Ana Iti in Sharjah Biennial 16: to carry
An interview with Contemporary HUM
23.04.2025
Ana Iti, A hybrid made of both, 2025. Installation view: Sharjah Biennial 16, Al Dhaid Clinic, Al Dhaid, 2025. Image courtesy of Sharjah Art Foundation. Photo: Danko Stjepanovic.
Ana Iti, A hybrid made of both, 2025. Installation view: Sharjah Biennial 16, Al Dhaid Clinic, Al Dhaid, 2025. Image courtesy of Sharjah Art Foundation. Photo: Danko Stjepanovic.
Ana Iti pictured with A hybrid made of both, 2025. Sharjah Biennial 16, Al Dhaid Clinic, Al Dhaid, 2025. Photo: Contemporary HUM.
Ana Iti, A hybrid made of both (detail), 2025. Sharjah Biennial 16, Al Dhaid Clinic, Al Dhaid, 2025. Photo: Contemporary HUM.
Ana Iti, A hybrid made of both (detail), 2025. Sharjah Biennial 16, Al Dhaid Clinic, Al Dhaid, 2025. Photo: Contemporary HUM.
Ana Iti, A resilient heart like the mānawa, 2024. Installation view: Sharjah Biennial 16, Kalba Ice Factory, Kalba, Sharjah, 2025. Image courtesy of Sharjah Art Foundation. Photo: Shafeek Nalakath Kareem.
Ana Iti, A resilient heart like the mānawa, 2024. Installation view: Sharjah Biennial 16, Kalba Ice Factory, Kalba, Sharjah, 2025. Image courtesy of Sharjah Art Foundation.
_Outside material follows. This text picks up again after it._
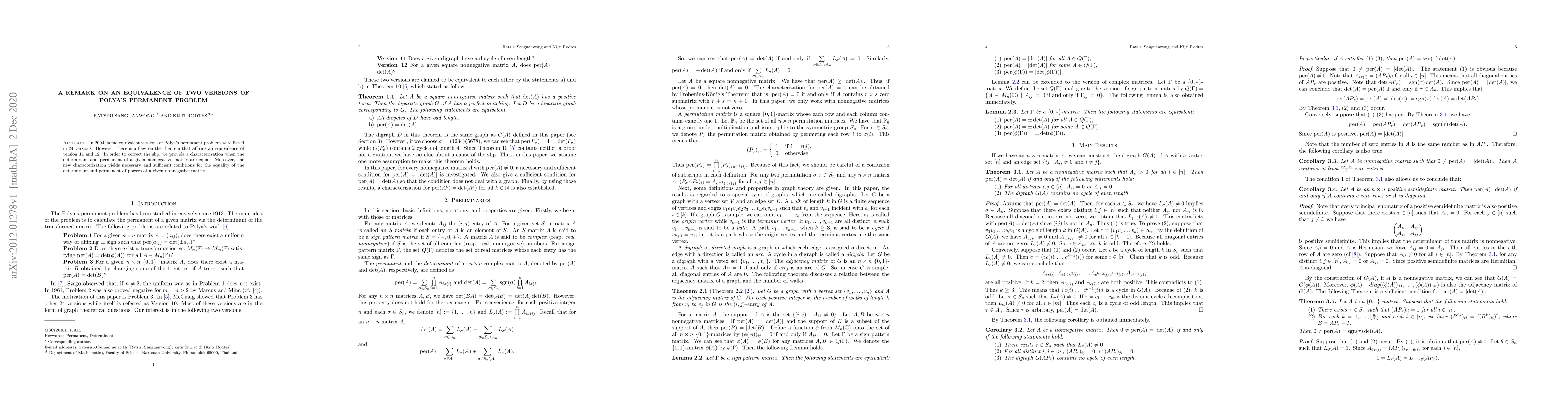 In 2004, some equivalent versions of Polya's permanent problem were listed in 24 versions. However, there is a flaw on the theorem that affirms an equivalence of version 11 and 12. In order to correct the slip, we provide a characterization when the determinant and permanent of a given nonnegative matrix are equal. Moreover, the new characterization yields necessary and sufficient conditions for the equality of the determinant and permanent of powers of a given nonnegative matrix.
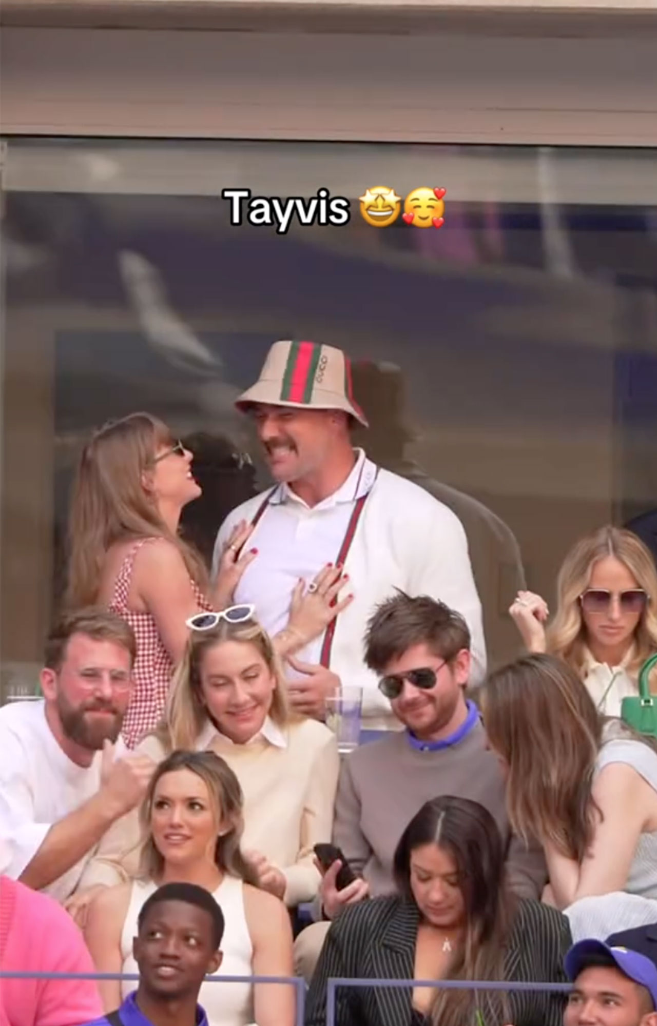 The 34-year-old “Anti-Hero” hitmaker, who was dressed in a cute ‘tomato check’ Reformation dress, and the 34-year-old Super Bowl champ were spotted having the time of their lives in their suite at Arthur Ashe Stadium, with a video posted by the official US Open TikTok account now going viral.

Photo: Shafeek Nalakath Kareem.
The co-curators of Sharjah Biennial 16: to carry, left to right: Alia Swastika, Amal Khalaf, Megan Tamati-Quennell, Zeynep Öz and Natasha Ginwala. Photo: Contemporary HUM.
In February 2025, Contemporary HUM was on the ground at the opening week of Sharjah Biennial 16: to carry, speaking with the Aotearoa artists who were present.
Following her 2024 win of Aotearoa New Zealand’s most prestigious contemporary art award, the Walters Prize, Ana Iti takes part in Sharjah Biennial 16: to carry, co-curated by Aotearoa curator Megan Tamati-Quennell. In this conversation with Contemporary HUM, Iti reflects on SB16 as the first major international presentation of her work, and how she has found taking the Walters Prize artwork to Sharjah—despite obstacles and delays—which she presents alongside two earlier works.
This interview has been supported by individual donors and Creative New Zealand. With generous thanks to Sharjah Art Foundation for the press invitation to Sharjah, which enabled HUM to cover this significant event for Aotearoa artists.
CONTEMPORARY HUMYou're presenting several existing bodies of work at Sharjah Biennial 16, one of which is still travelling to Sharjah as we speak: A resilient heart like the mānawa (2024), which was awarded the Walters Prize in 2024.
Each of the five co-curators of the Biennial are responsible for their own curatorial project and inviting artists to participate, but there are some overlaps between their projects as well. How were you invited to participate in the Biennial, and how did you end up presenting two bodies of work in two different venues?
ANA ITIAbout eight months ago I started a dialogue with Megan. She had been in a conversation with Zeynep Öz (another co-curator of SB16) whose curatorial project for Sharjah is about technology, and she was asking Megan if she would write something about the use of the printing press in New Zealand.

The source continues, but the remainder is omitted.